RECORDS FOR THE TASK:

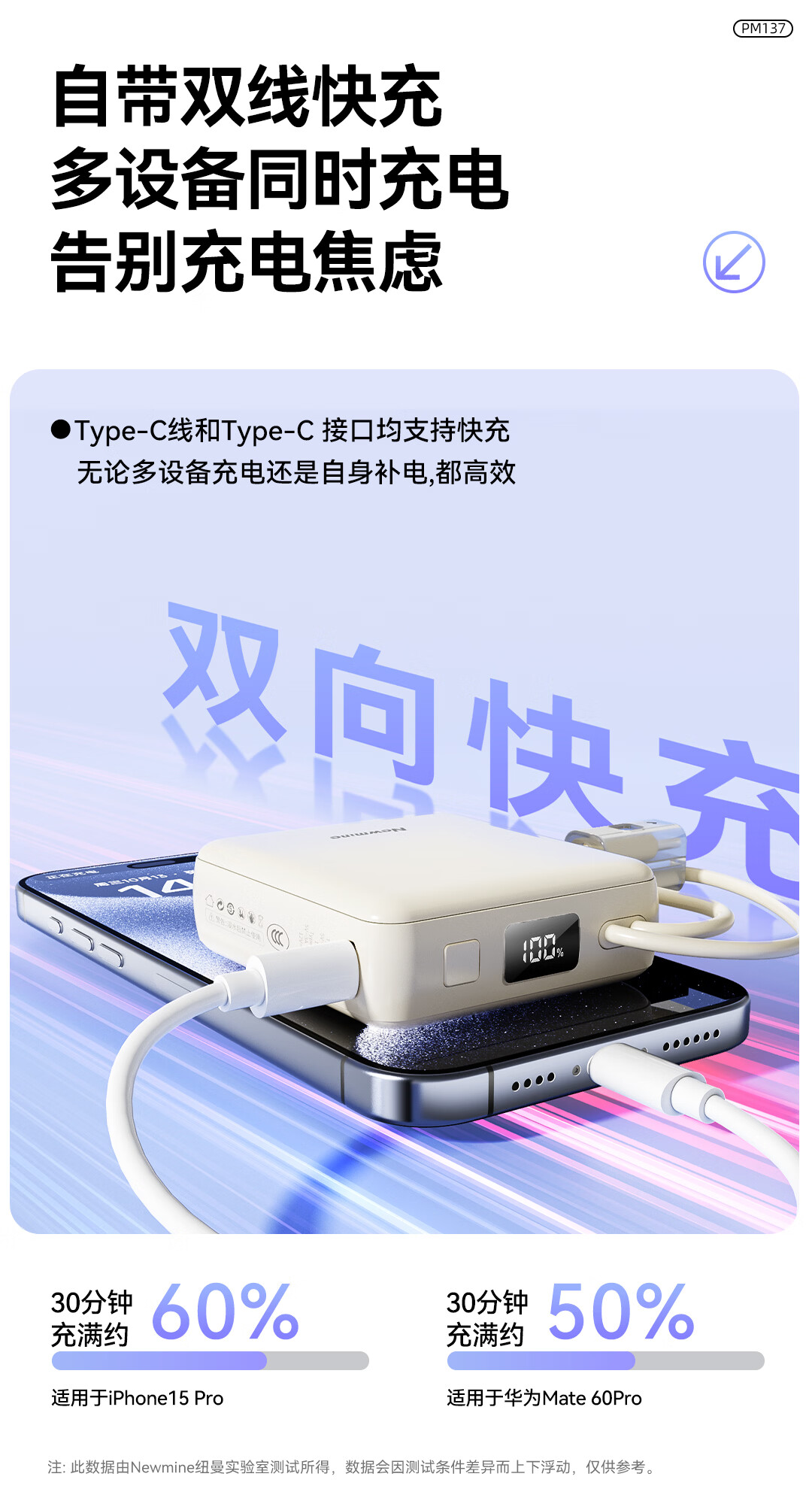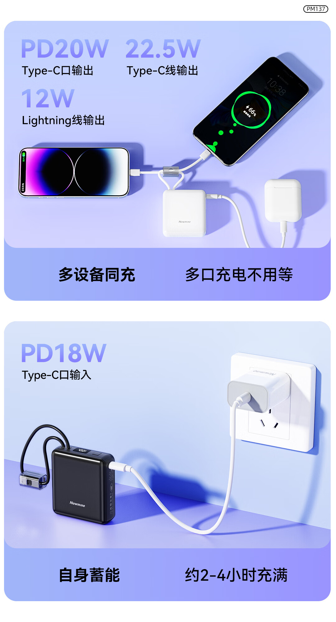 纽曼 10000毫安迷你双线快充移动电源 PM137
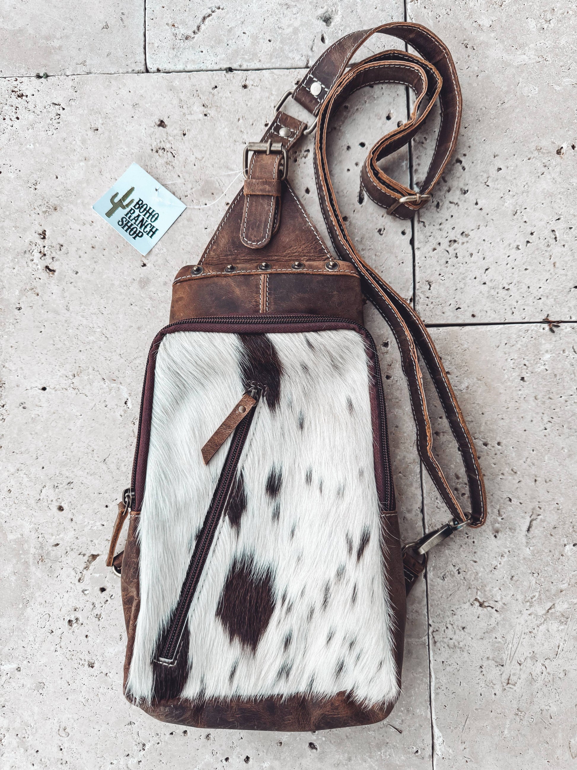 Western Cowhide Leather Sling Bag - travel bag chest bag
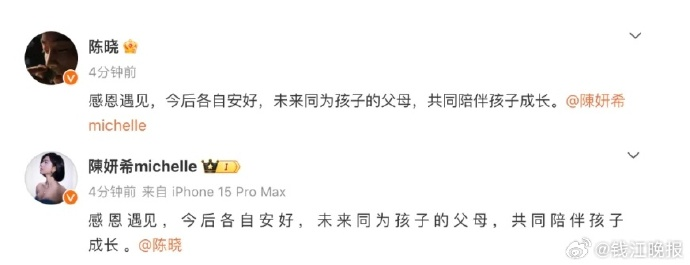 兩人發佈同樣的文字內容:“感恩遇見,今後各自安好,未來同為孩子的父母,共同陪伴孩子成長。”為這段維持九年的婚姻畫上了句號。
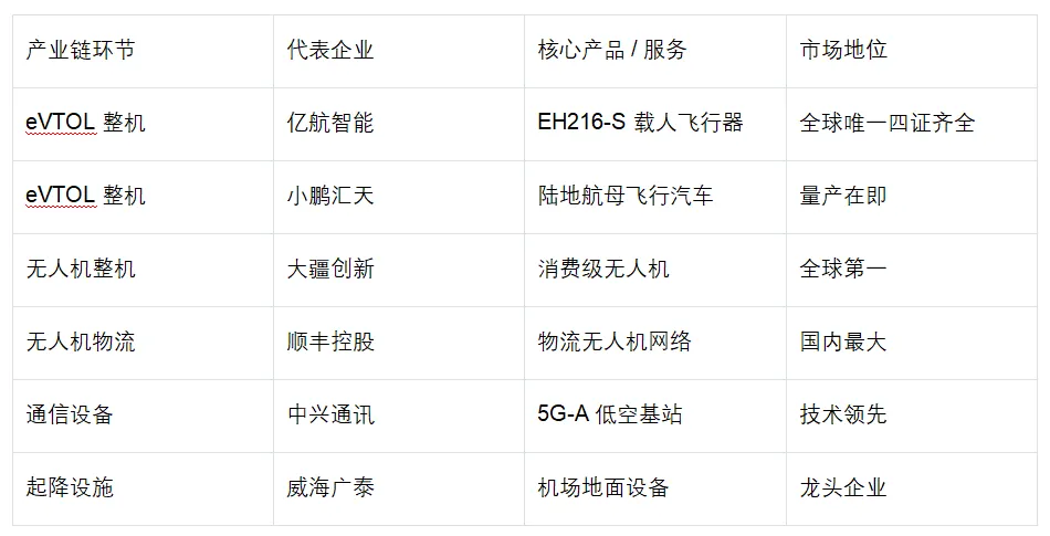 • 低空经济:亿航智能、顺丰控股(运营)、中兴通讯(设备)
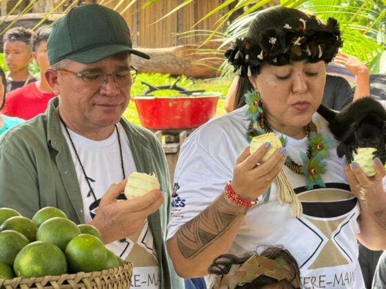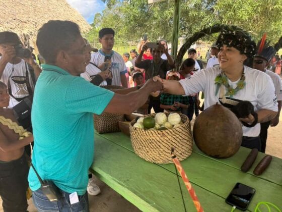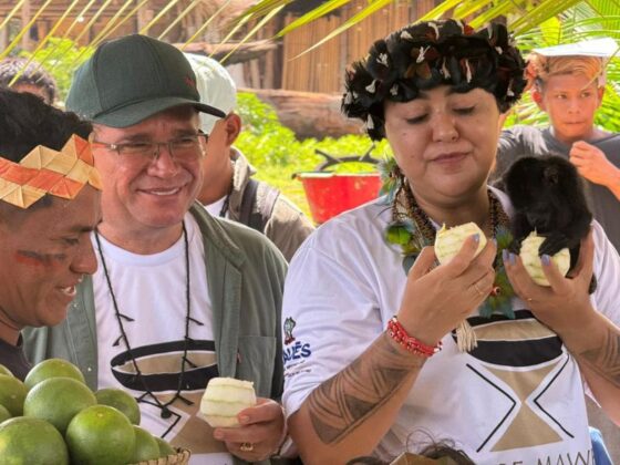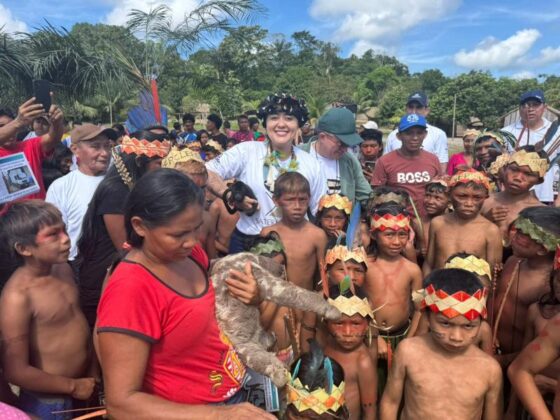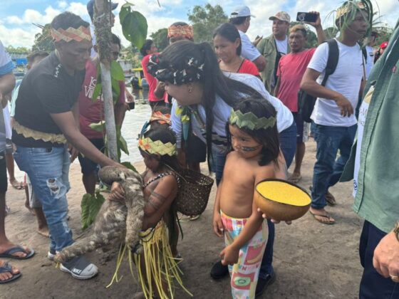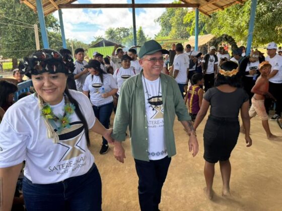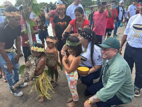 “Ao lado da liderança maior do povo sateré, Ideí Batista e tantos outros guerreiros e guerreiras da floresta reforço o meu compromisso com nossos povos originários, com os quais vivi momentos inesquecíveis, cheio de cultura força e tradição “.
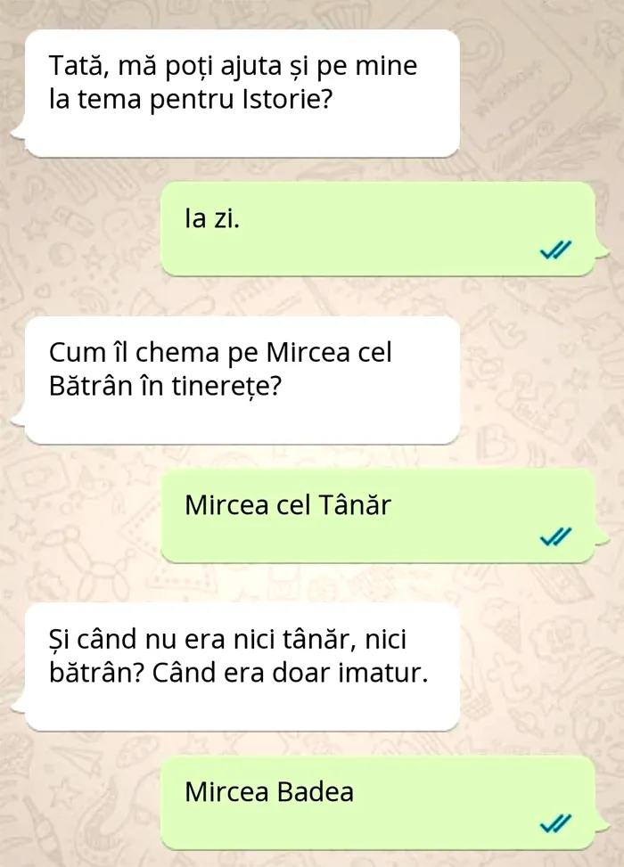 Tată, mă poți ajuta și pe mine la tema pentru istorie?

EXERCISE: Without the pictures, return the records above exactly as given.

TASK OUTPUT:
 纽曼 10000毫安迷你双线快充移动电源 PM137
 Western Cowhide Leather Sling Bag - travel bag chest bag
 兩人發佈同樣的文字內容:“感恩遇見,今後各自安好,未來同為孩子的父母,共同陪伴孩子成長。”為這段維持九年的婚姻畫上了句號。
 • 低空经济:亿航智能、顺丰控股(运营)、中兴通讯(设备)
 “Ao lado da liderança maior do povo sateré, Ideí Batista e tantos outros guerreiros e guerreiras da floresta reforço o meu compromisso com nossos povos originários, com os quais vivi momentos inesquecíveis, cheio de cultura força e tradição “.
 Tată, mă poți ajuta și pe mine la tema pentru istorie?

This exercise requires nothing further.